There was a moment of dead silence in the crowded Smoking Room. It was quickly followed by a buzz of comment. There had been no question. It was obvious that the man would take the High Field. The weather was perfect. The
Queen
must be doing at least thirty knots. Did he know something? Had he bribed someone on the bridge? Was a storm coming up? Was a bearing running hot?

The auctioneer rapped for silence. ‘I beg your pardon, Sir,’ he said, ‘but did you say the Low Field?’

‘Yes.’

The auctioneer rapped again. ‘In that case, ladies and gentlemen, we will now proceed to auction the High Field. Madam,’ he turned with a bow towards the girl in pink. ‘Would you care to open the bidding?’

Bond turned to Tiffany. ‘That was a queer business,’ he said. ‘Extraordinary thing to do. Sea’s as calm as glass.’ He shrugged his shoulders. ‘The only answer is that they know something.’ The matter was of no interest, anyway. ‘Someone’s told them something.’ He turned and looked carelessly at the two men and then let his eyes swing past and away from them. ‘They seem to be quite interested in us.’

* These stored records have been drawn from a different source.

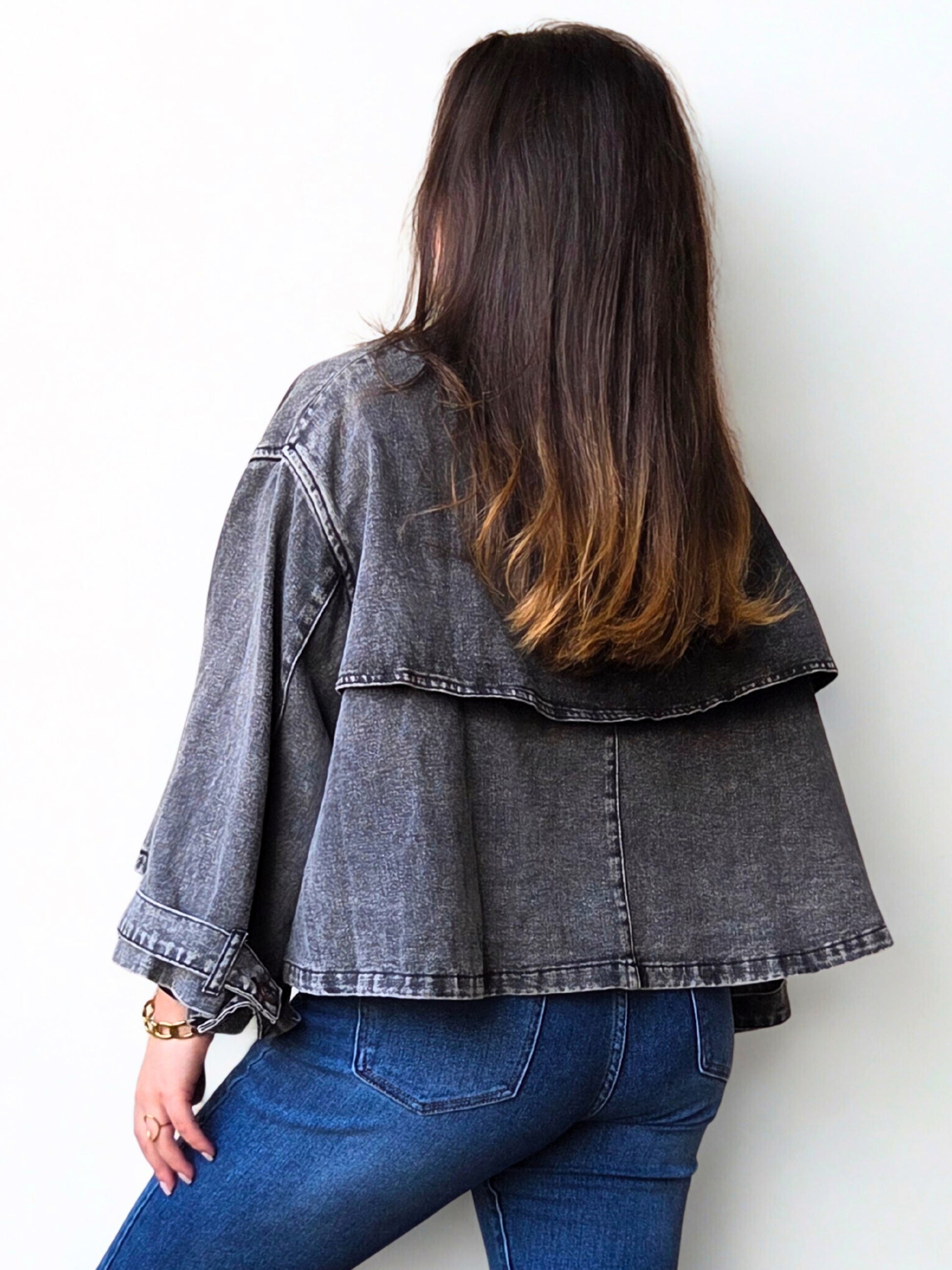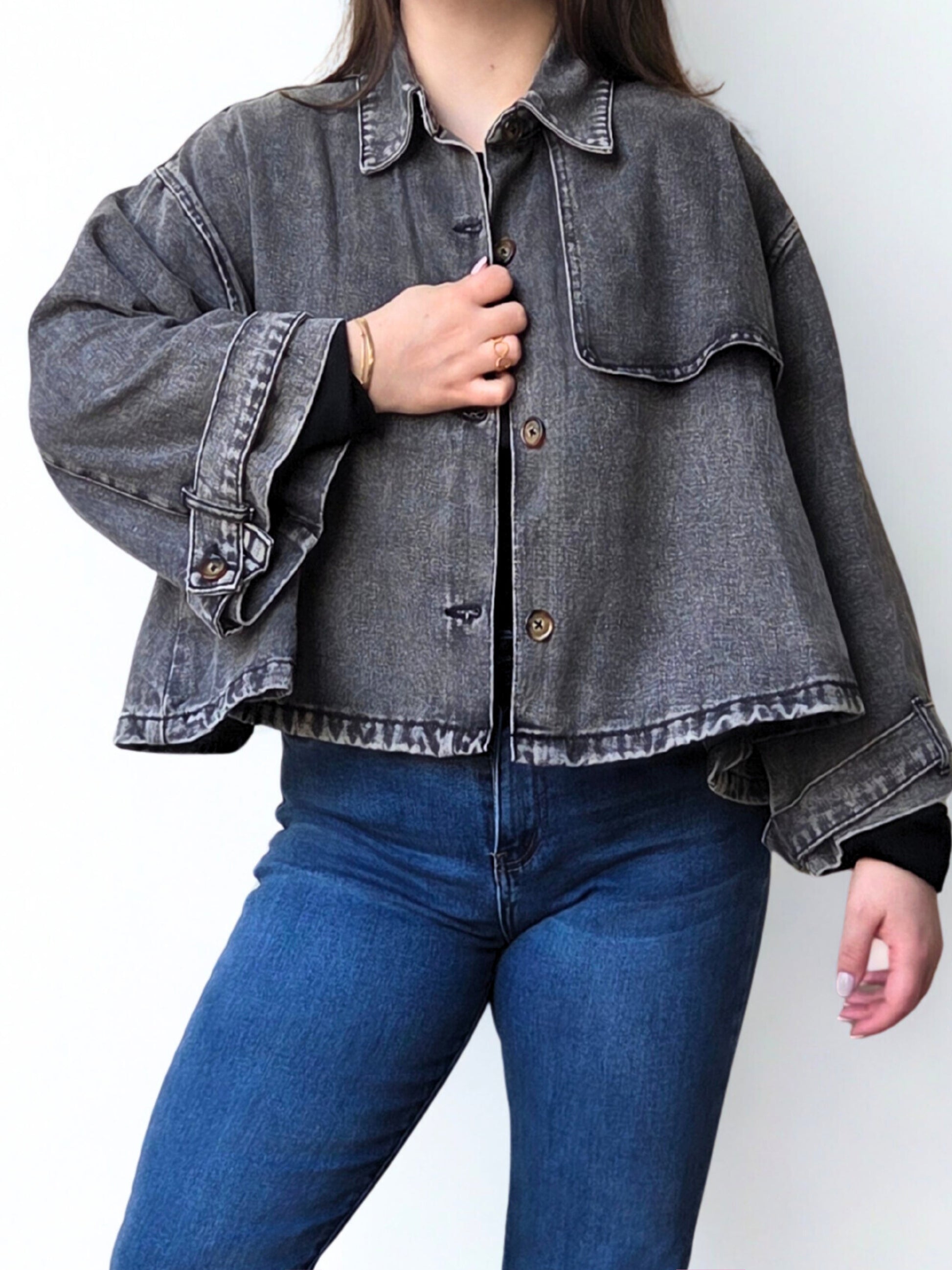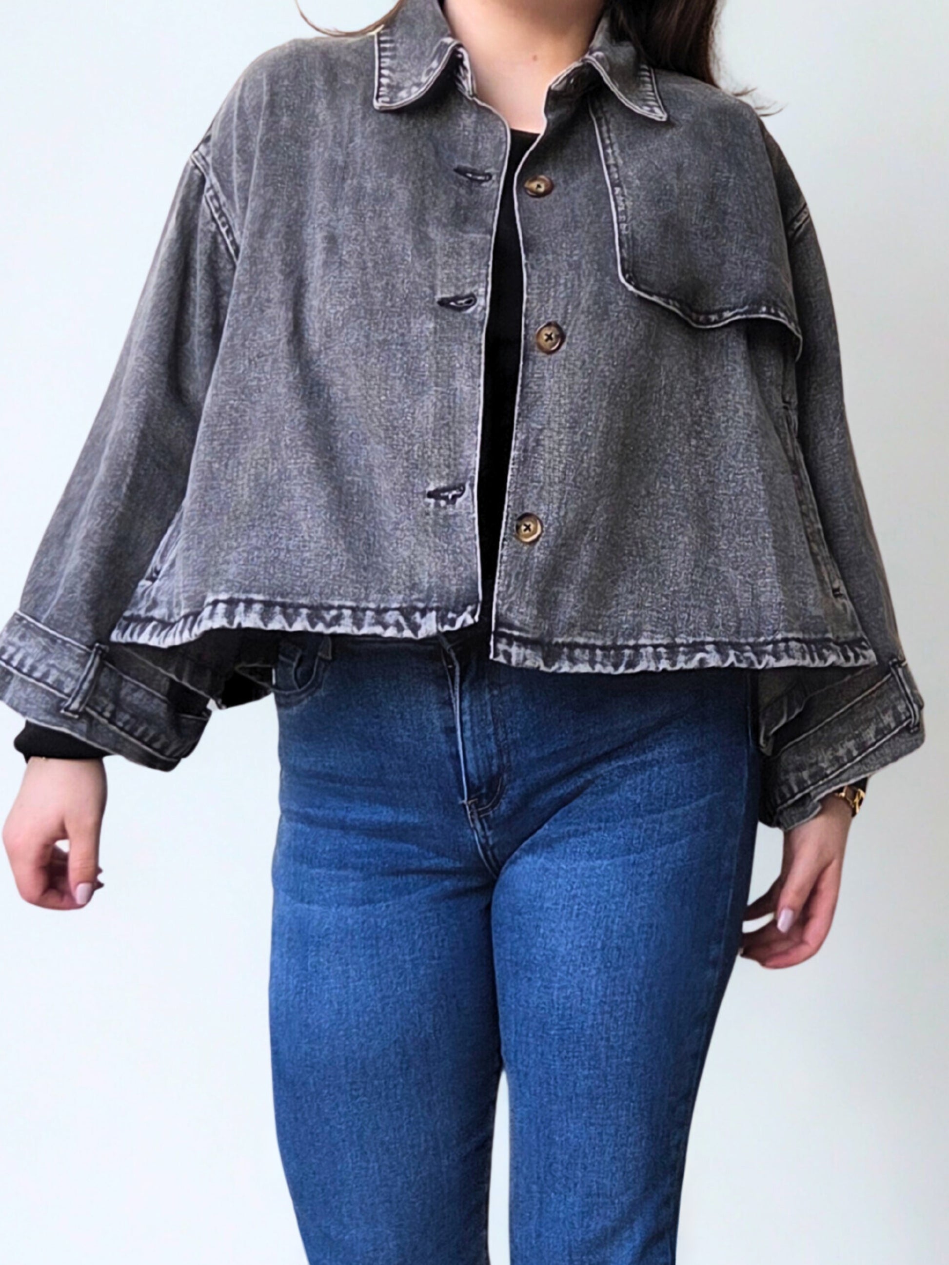 La veste en jean Inès revisite un classique avec un style cape ultra tendance et affirmé. Sa coupe ample et structurée apporte une allure moderne tout en restant facile à porter. Confectionnée dans un jean gris délavé, elle se distingue par son volume travaillé, ses manches larges et son boutonnage frontal qui lui donnent du caractère. À la fois confortable et stylée, elle se porte aussi bien sur un look casual que pour casser une silhouette plus habillée.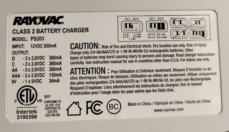 Rayovac PS203 Universal Rechargeable Battery Charger For Parts or Repair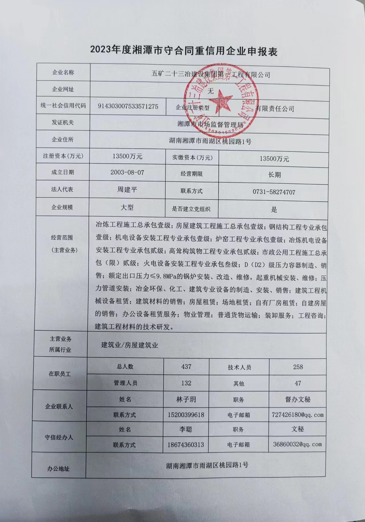 本企業(yè)根據(jù)《湘潭市守合同重信用企業(yè)申報規(guī)定》等編制 2023 年度企業(yè)信用報告書,并保證本報告書內(nèi)容真實、準(zhǔn)確、完整。
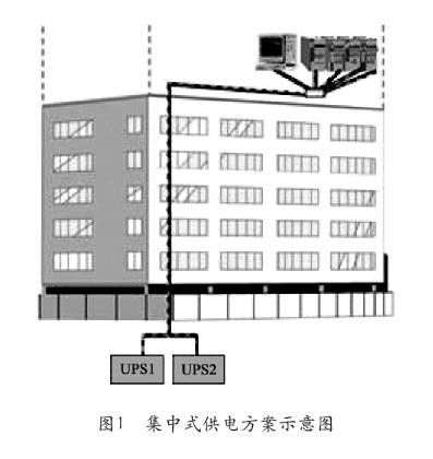 由一臺UPS組成單機(jī)供電系統(tǒng)、多臺UPS組成并聯(lián)供電或雙總線供電系統(tǒng),再通過配電集中給負(fù)載供電,這種供電方案一般情況下UPS系統(tǒng)與機(jī)房用電設(shè)備是分開的。該供電方案一般UPS的單機(jī)容量在200~400kVA較多,供電示意圖如圖1所示。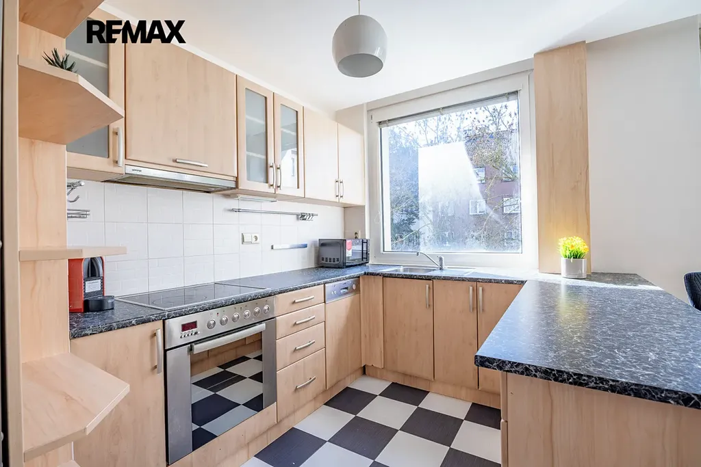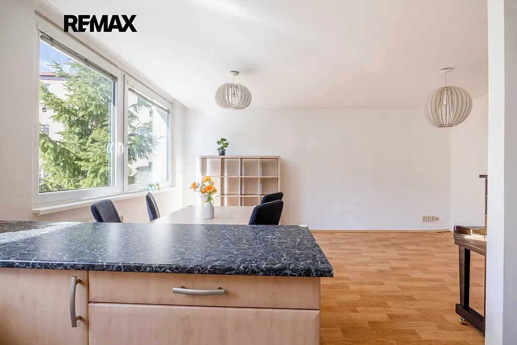Velká okna zajišťují dostatek denního světla a byt působí velmi vzdušně. Nabízí se jako částečně vybavený a je v udržovaném stavu, připravený k okamžitému nastěhování.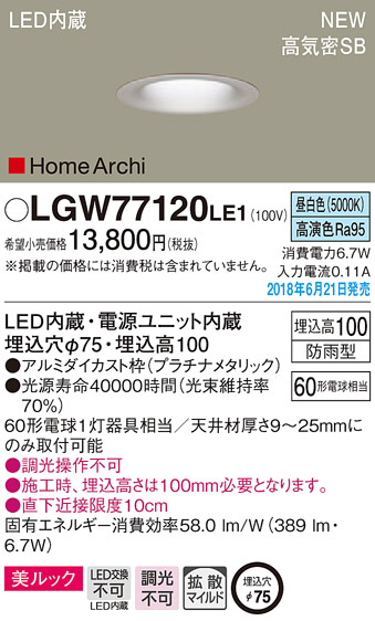 Panasonic ¥À¥¦¥ó¥é¥¤¥È LGW77120LE1
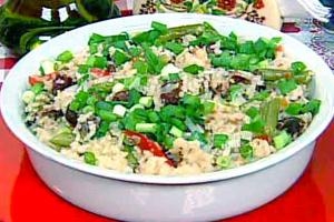-Cozinhe até secar a água (cerca de 23 minutos). Coloque em um refratário. Polvilhe com salsa e cebolinha.

Tiffany glanced past his shoulder. ‘They’re not looking at us now,’ she said. ‘I figure they’re just a couple of dopes. The white-haired guy’s looking stupid and the fat man’s sucking his thumb. They’re screwy. Doubt if they know what they’ve bought. They just got their signals crossed.’

‘Sucking his thumb?’ said Bond. He ran his hand distractedly through his hair, a vague memory nagging at him.

Perhaps if she had left him to follow the train of thought he would have remembered. Instead she put her hand over his and leant towards him so that her hair brushed against his face. ‘Forget it, James,’ she said. ‘And don’t think so hard about those stupid men.’ Her eyes were suddenly ardent and demanding. ‘I’ve had enough of this place. Take me somewhere else.’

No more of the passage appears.